Research output: Contribution to journalArticle

16 Scopus citations

Abstract

BACKGROUND: A new prostate cancer (PCa) grading system (namely, Gleason score-GS- ≤6 vs. 3 + 4 vs. 4 + 3 vs. 8 vs. ≥9) was recently proposed and assessed on biochemical recurrence (BCR) showing improved predictive abilities compared to the commonly used three-tier system (GS ≤6 vs. 7 vs. ≥8). We assessed the predictive ability of the five-tier grade group (GG) system on harder clinical endpoint, namely clinical recurrence (CR).
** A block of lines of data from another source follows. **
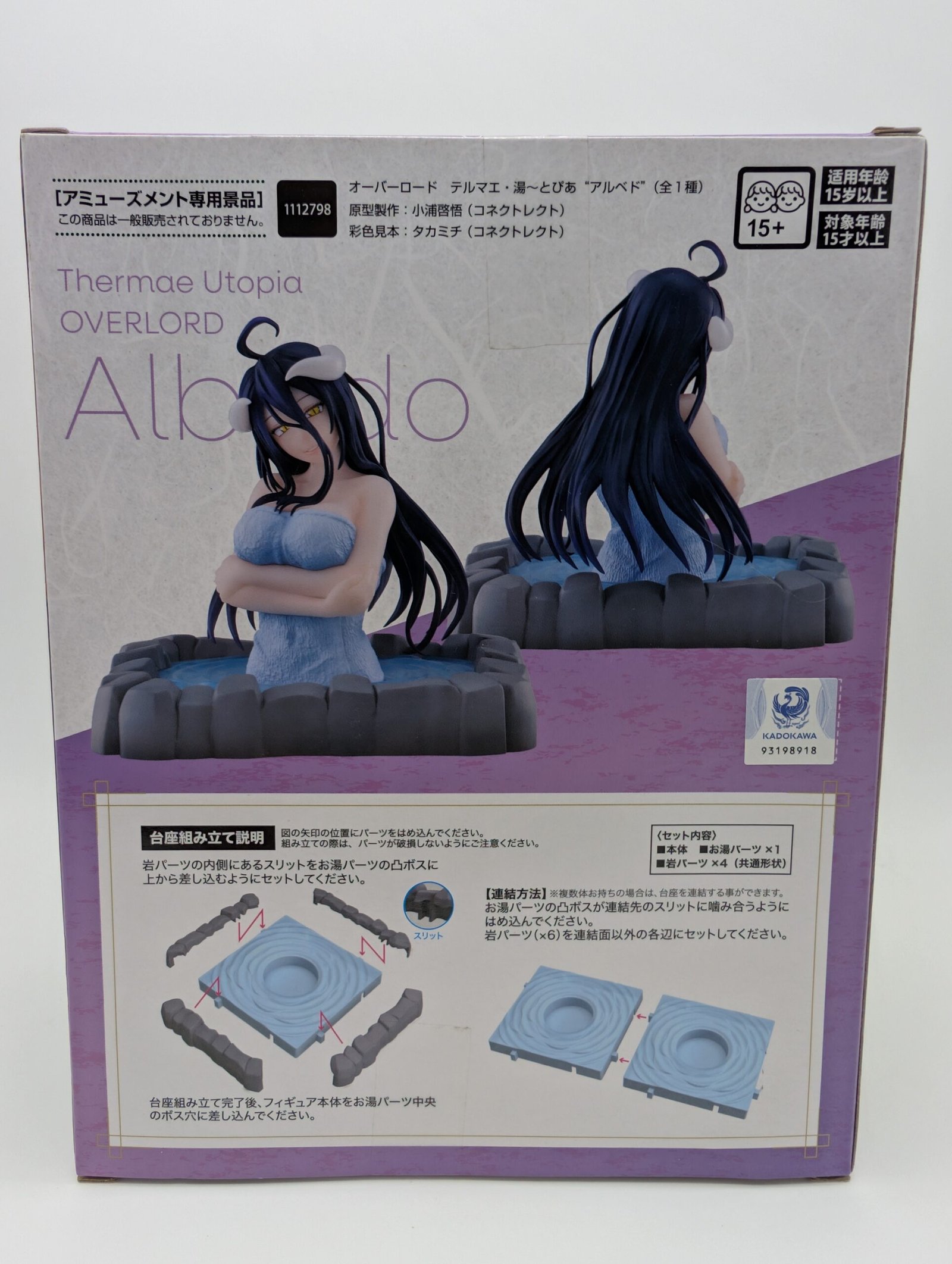 La figura de Sega de la línea Thermae Yu~topia muestra a Albedo, uno de los personajes más icónicos del anime Overlord. Con una base única que simula una bañera o piscina, esta pieza es ideal para los coleccionistas y fanáticos del anime que buscan un detalle exclusivo y elegante en su vitrina.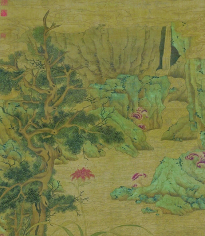 《五瑞圖》是標(biāo)準(zhǔn)的文徵明風(fēng)格,是一種青綠山水?!拔迦稹敝傅木烤故鞘裁??中國(guó)歷史上存在著多種說(shuō)法。在文徵明的這幅畫(huà)里,專(zhuān)家傾向于認(rèn)為“五瑞”指的是古柏、萱草、靈芝、祥云、奇石。總而言之,“五瑞”其實(shí)都代表著中國(guó)人對(duì)國(guó)泰民安、幸福祥瑞的祈求和希望。這在經(jīng)歷了疫情的當(dāng)下,顯得意味深長(zhǎng)。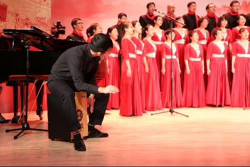 本次比赛,学院选择的合唱曲目是《中国 中国,鲜红的太阳永不落》和《我的中国心》,融入了朗诵、轮唱等多种表演形式,并在钢琴伴奏的基础上添加了打击乐器卡洪箱鼓,为两首经典红歌添加了诸多新潮元素。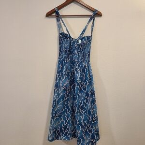 Anthropologie HD in Paris Acropora Blue Coral Fit & Flare Dress. This dress has a sweetheart neckline, criss-cross back, smocked sides and back, is fully lined, has a hidden back zipper and is an above the knee length. It’s in excellent preowned condition.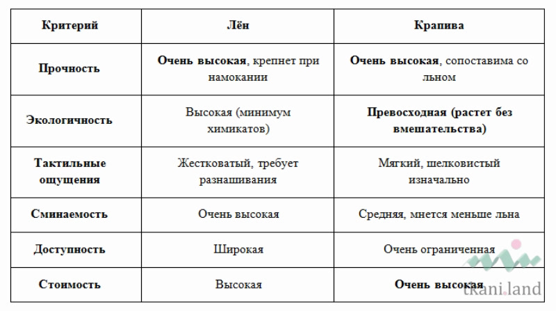 В интернет-магазине Tkani.land крапива имеется в природных, сочных, базовых: белом, черном цветах. Они имеют ширину 140 см, плотность 245 гр/м2. Наши покупатели шьют из нее домашние комплекты, сарафаны, брюки, рубашки. Отзывы вы можете посмотреть в нашей группе ВК.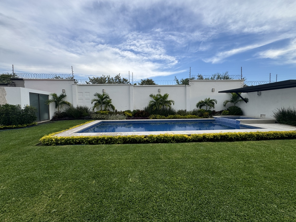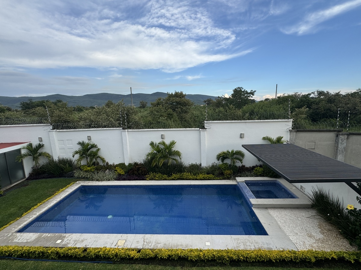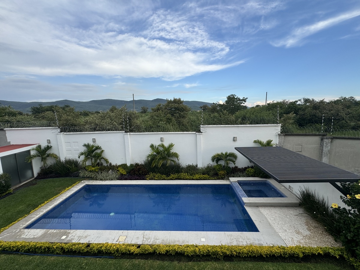 Terraza y hermoso jardín con alberca equipada con Jacuzzi.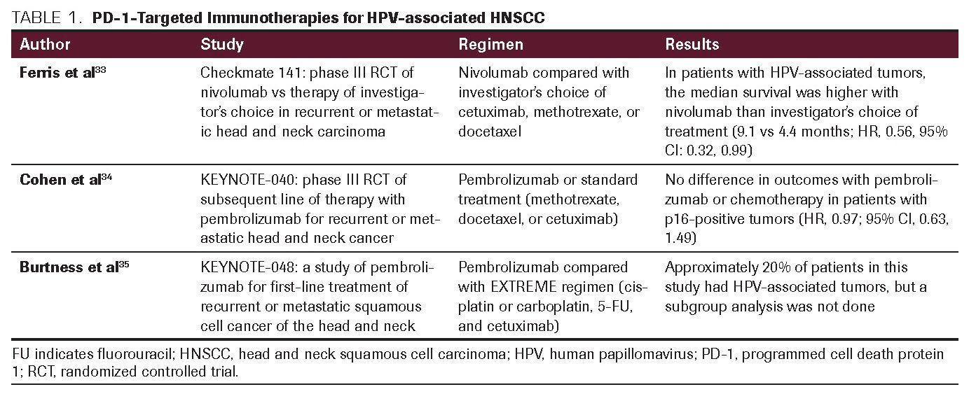 TABLE 1. PD-1-Targeted Immunotherapies for HPV-associated HNSCC

METHODS: Between 2005 and 2014, 9,728 clinically localized PCa patients were treated with radical prostatectomy (RP) at two tertiary referral centers. Kaplan–Meier curves, multivariable Cox regression analyses, and concordance index (C-index) were used to assess CR after treatment according to four Gleason grade classifications at biopsy and RP: Group 1: ≤6 versus 7 versus ≥8; Group 2: ≤6 versus 3 + 4 vs. 4 + 3 versus ≥8; Group 3: ≤6 versus 7 versus 8 versus ≥9; Group 4: ≤6 versus 3 + 4 versus 4 + 3 versus 8 versus ≥9. Same analyses were repeated in patients who had BCR (n = 1,624). Decision curve analyses were performed to evaluate and compare the net benefit associated with the use of the four Gleason grade classifications. RESULTS: Overall, 443 (4.6%) patients had CR. The hazard ratio of the GS 3 + 4, 4 + 3, 8, and ≥9 relative to GS ≤6 were 3.63, 5.93, 11.44, 18.08 and 4.93, 9.99, 15.31 and 25.12 in the pre- and post-treatment models, respectively. The C-index of the five-tier GG system was slightly higher relative to the other 3 Gleason grade classifications both in the pre- (range: 0.001–0.006) and post-treatment models (range: 0–0.008). Similar findings were observed when we focused our analyses in patients with BCR after RP. The use of the five-tier GG system did not result into higher net-benefit relative to the other three Gleason grade classifications. CONCLUSIONS: The difference in accuracy between the five-tier GG system and the other Gleason grade classifications, using CR as an endpoint, is clinically negligible. Current evidence suggests that the five-tier GG system represents a simplified user-friendly scheme available for patient counseling rather than a new histopathological diagnostic system that improves the prediction of CR. Prostate 77:263–273, 2017.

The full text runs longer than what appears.